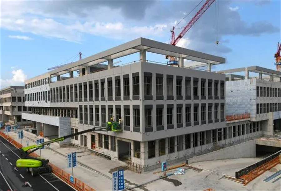 2023年8月23日,岳麓山實驗室集聚區(qū)農(nóng)科院片區(qū),工人在進(jìn)行外飾施工。湖南日報全媒體記者 趙持 攝
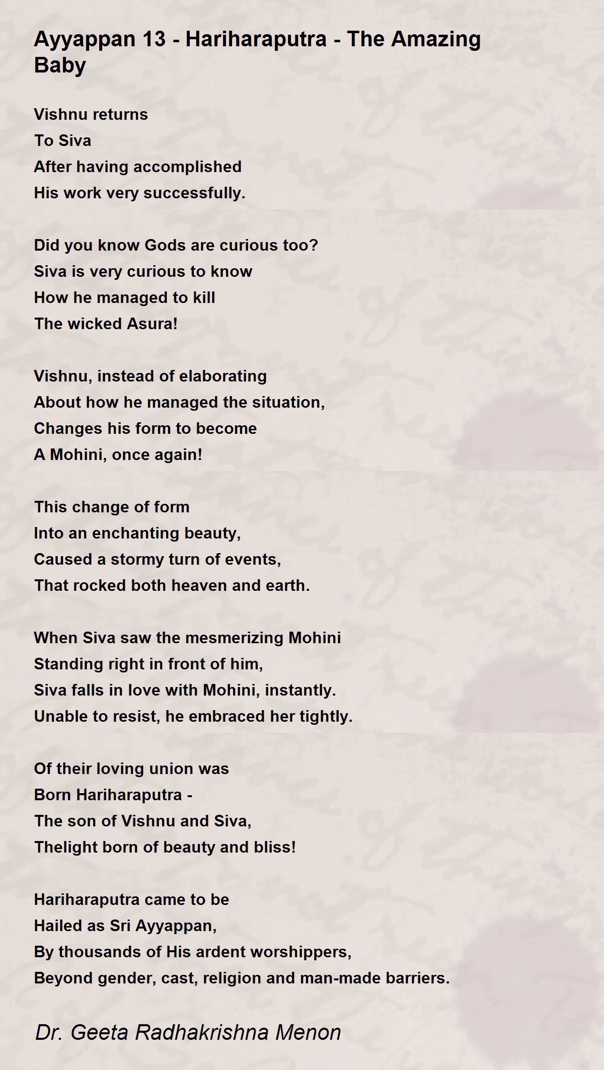 (2) He- Harihara Putra Lord Ayyappan- symbolises the synthesis or the unity of two streams of thought- Vaishnavait and Shaivait. This fine work of literature comes out of your spiritual contemplation, scriptural studies plus your training and research as a Classical Danseuse. Thank you, Geeta ji, for making us familiar with our own diverse culture. Of their loving union was / Born Hariharaputra - The son of Vishnu and Siva / Thelight born of beauty and bliss!
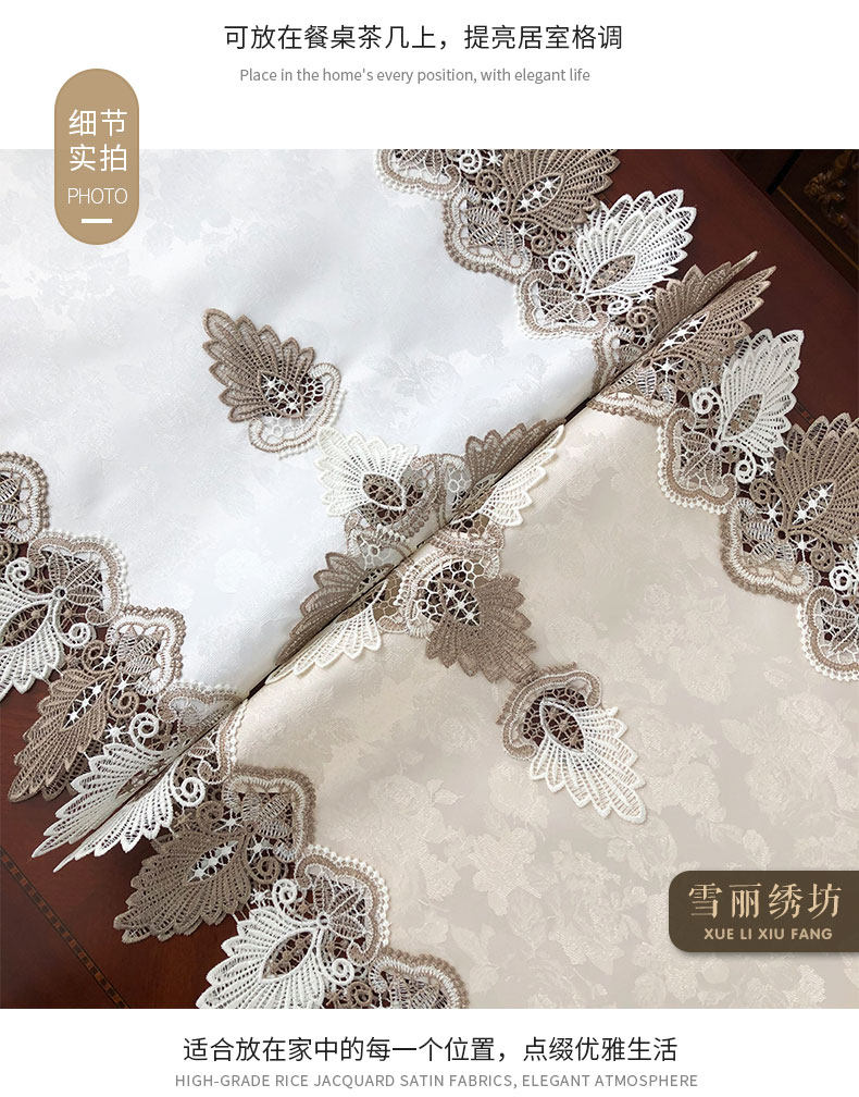 62 * 117cm (beige): jacquard fabric two-tone lace

-------------------------

EXERCISE:
Go through the data and return every word of it verbatim, leaving out the pictures.

WRITTEN REPLY:
 2023年8月23日,岳麓山實驗室集聚區(qū)農(nóng)科院片區(qū),工人在進(jìn)行外飾施工。湖南日報全媒體記者 趙持 攝
 (2) He- Harihara Putra Lord Ayyappan- symbolises the synthesis or the unity of two streams of thought- Vaishnavait and Shaivait. This fine work of literature comes out of your spiritual contemplation, scriptural studies plus your training and research as a Classical Danseuse. Thank you, Geeta ji, for making us familiar with our own diverse culture. Of their loving union was / Born Hariharaputra - The son of Vishnu and Siva / Thelight born of beauty and bliss!
 62 * 117cm (beige): jacquard fabric two-tone lace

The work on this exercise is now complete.